Would any of these tools be effective in changing Tsai’s position on “one China?” They obviously could be effective in hurting Taiwan, but would they be effective in getting Tsai to comply with Beijing’s demands? That would take a lot, and at this point I don’t see it happening. Her goal here is not only to respect democracy and the will of the people, but within that framework also to maintain the ultimate choice for the people of Taiwan about the nature of relations with the mainland. In contrast to Ma Ying-Jeou, Tsai feels that if she accepted “one China,” even if that meant the Republic of China, that would interfere with, if not deny, the ultimate choice about whether there should be unification of some sort. She has made it clear that allowing the Taiwan people self-determination is a major principle for her. One might say that it doesn’t seem realistic to assume that they would pick independence, but if the mainland used force, then all bets are off. In general, an independence path won’t benefit Taiwan in an obvious way. While a move to formal independence might make people feel good about living up to their values and principles — for a while, ultimately it would threaten their survival. And people in Taiwan are keenly aware of that, which is why polls show strong support for maintaining the status quo. 

How has the United States responded to Beijing’s decision to cut off official exchanges with the Tsai government? Can the U.S. do anything to facilitate the resumption of the cross-strait official exchange?

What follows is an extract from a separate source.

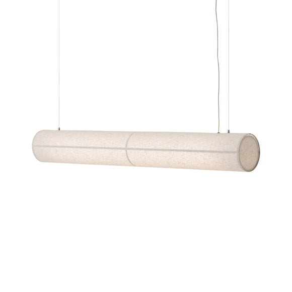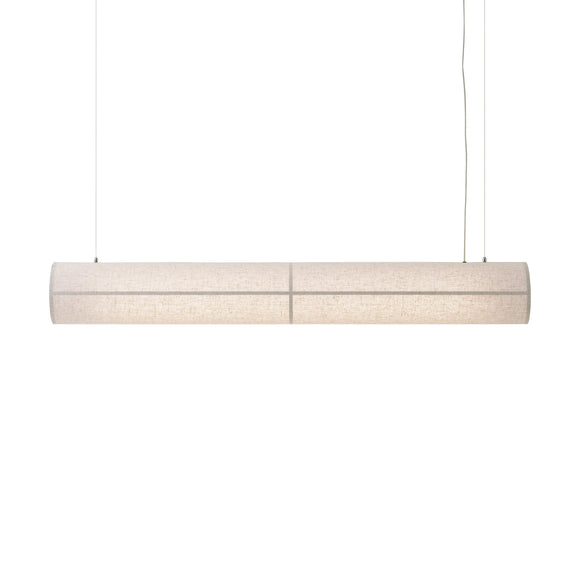 Elevate your space with the Hashira Linear Pendant Light from Audo Copenhagen. Crafted for sophistication, its horizontal design offers a fresh take on modern design, perfect over dining tables or desks. Its streamlined form is suspended by wires, while the raw linen shade, held in place by magnets, adds a clean aesthetic. With a dimmable LED light, enjoy a warm glow suitable for both productivity and relaxation.
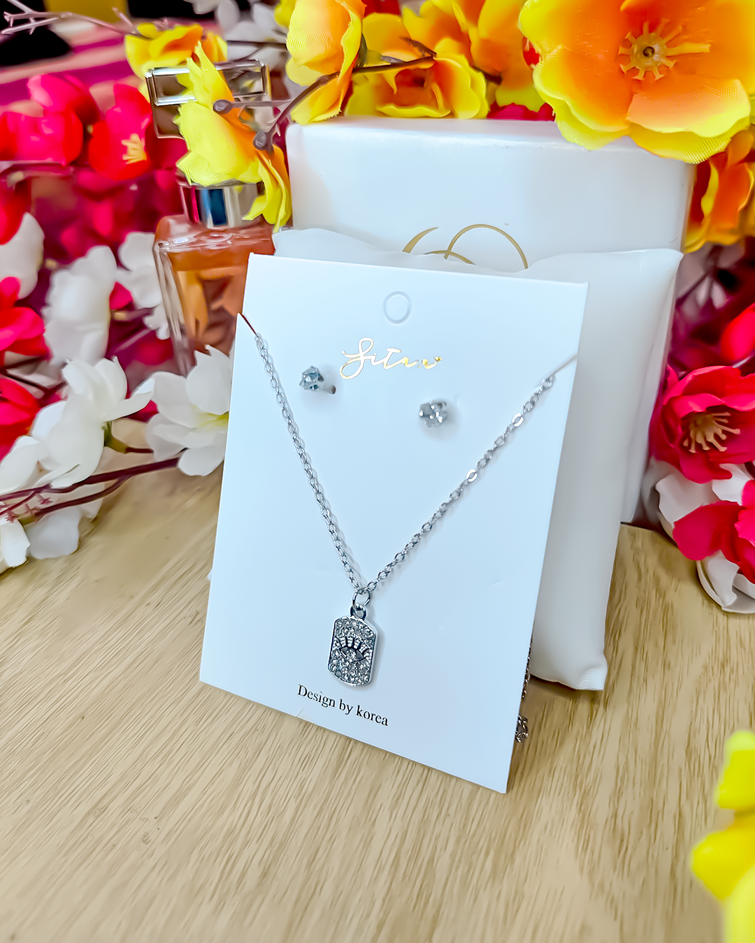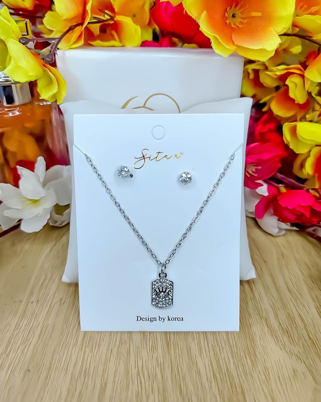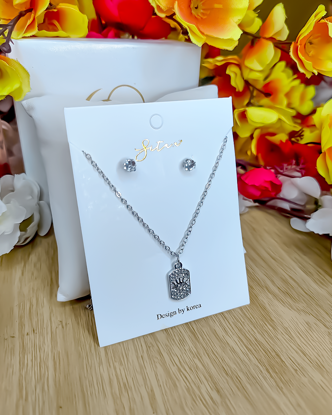 A stunning silver-toned pendant and stud earring set, featuring a brilliant square-cut cubic zirconia stone that catches the light with every movement. Perfect for adding a touch of sophisticated sparkle to any outfit.

It is very hard for the U.S. to be centrally involved. In my view, the U.S. won’t tell Tsai to accept “one China,” and it won’t tell the PRC that it shouldn’t be pursuing “one China.” What the U.S. has urged is that the two sides create a “firm basis” to maintain peace and stability, and to pursue relationships that benefit both sides. If Beijing does something untoward, then the U.S. might speak out, but the same is true for Taipei. If you go back to Chen Shui-bian's administration, the U.S. criticized him and his proposals to join the U.N. “in the name of Taiwan” and to have a second constitution. I don’t see Tsai moving in those directions, but the Taiwan leadership has done it in the past and so people are always on guard against a repeat. In the case of the mainland, we’ve seen U.S. intervention in the past. In 1996 for example, the U.S. sent two aircraft carrier battle groups to the region when the PRC launched missiles near the northern and southern tips of Taiwan. The deployment wasn’t in anticipation of conflict, but to send a signal that when the U.S. says that it has an abiding interest in peace and stability in the Taiwan Strait, that “interest” is not simply curiosity, it’s a national security interest. A PRC professor recently wrote an article saying that the PRC would use military force early in Tsai’s second term of office. I would argue that that’s extremely unlikely unless she takes positions aggressively challenging the PRC and moving towards independence. As I have said, however, I do not believe she’ll do that. In any case, while there is not a treaty commitment to defend Taiwan, the U.S. has left open that possibility.

If China continues to pressure Taiwan, how can the U.S. express its support for Taiwan? Could such support contribute to further deterioration of U.S.-China ties?

It all depends on the kind of pressure and the kind of deterioration. The U.S. has supported Taiwan’s participation in the international community for decades, both as a member of organizations or, where that is not possible, in other capacities. In the case of ICAO, the U.S. has made clear that it would like to see Taiwan there. At the World Health Assembly, the U.S. was pleased that Beijing has accepted Taiwan’s status as an observer. That being said, there’s a very big question as to whether Beijing will continue to accept Taiwan’s relationship with the WHA next year, and if it doesn’t, what the U.S. can do about it. 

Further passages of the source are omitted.